Brands would take consumers on journeys – long, involving journeys that inspired and intrigued and that were well signposted within the brand itself so that things happened with deliberation and care. Brands might start to treat each year as a season of the series and build in plot turns and reveals to keep people looking for more. Sure, there have been long running ad campaigns but these have tended to be focused on mainstream media and been told as episodic commercials rather than as rich, deep stories in their own right. (More on how brands might fit into such an approach below.)

Stories would mix formats – using a combination of serialised storytelling, to give the brand idea momentum and enable it to evolve, and shorter, more specific “campaign” scenarios that enabled the brand to play up key aspects and dimensionalise the long story form. These different formats could be spread across different media, meaning different types of storyline happening at the same time in different places, or campaigns could interrupt or even cut across the main story to add episodic interest.

Brands would have a deep mythology/backstory that they would draw on and reveal over time. This would add both intrigue and depth.

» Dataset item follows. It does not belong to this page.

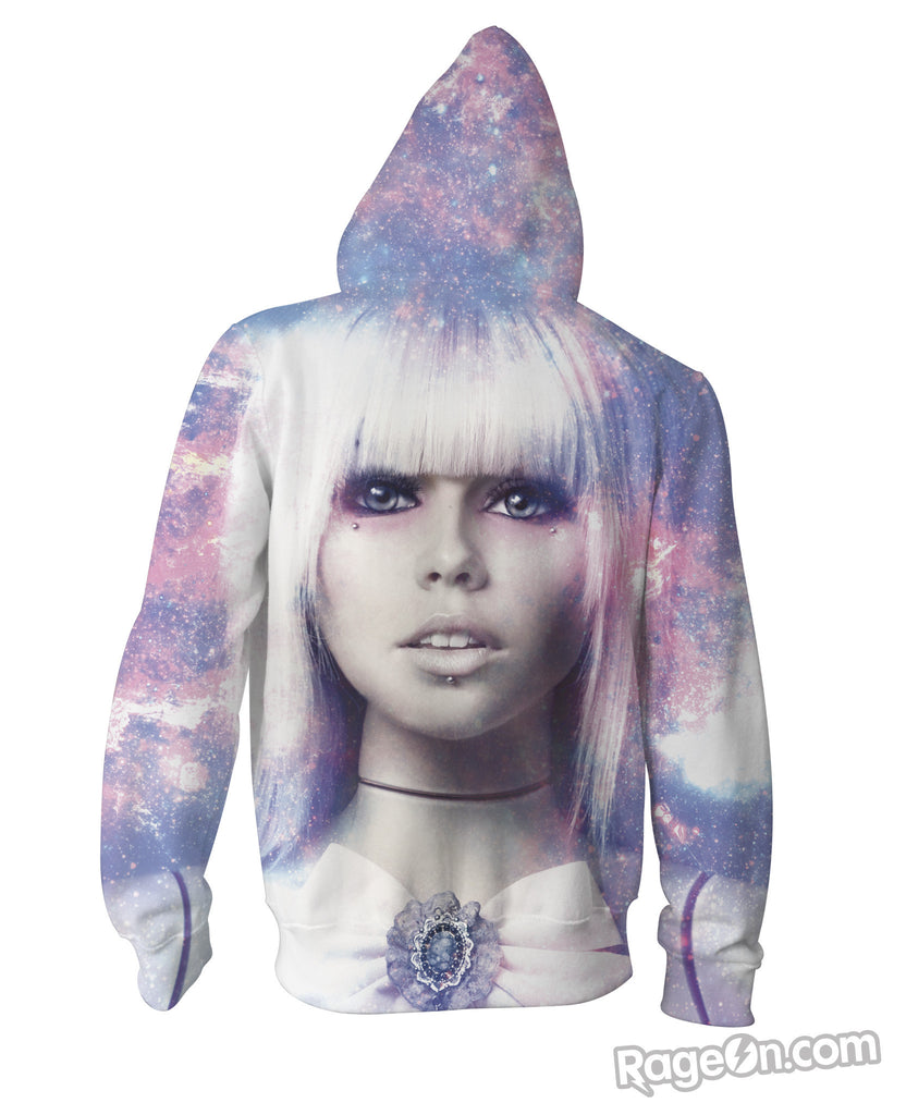 Kerli is the Estonian recording artist who took the EDM world by storm with albums such as Love is Dead and Utopia! With a positive spirit and style often described as "Bubblegoth", she never fails to astound with her DIY creativity and musical talent. Get your all-over print Galaxy Doll Hoodie from Kerli now, only on RageOn.com!

They would raise questions that they might take some time to answer – in order to build in tension.

When they did delivers answers, they would be both to the issues the brands have raised and to issues that others have raised. Some of these answers would have been developed well in advance, others would seem more spontaneous, depending on the channel in which they were raised. The key thing is that every moment in the brand’s life would have relevance and provide context for those experiencing the brand.

The stories would be human – they would be populated by people, and those people would be spontaneous, changeable, imperfect, relatable. Those stories would completely change how brands built their relationships with buyers. Brands would be product placements in their own human stories.

Advertorial will give way to advertories.

As the worlds of brands, media and entertainment converge, and channels become screens rather than outlets, my own view is that each of these disciplines will borrow success factors from the other. Just as the media has successfully branded its offerings and even turned them into franchised offerings (think Law and Order, CSI, NCIS, Survivor, Masterchef and more), we shouldn’t be surprised if brands themselves don’t start incorporating more of the conventions of TV into how they tell their tales.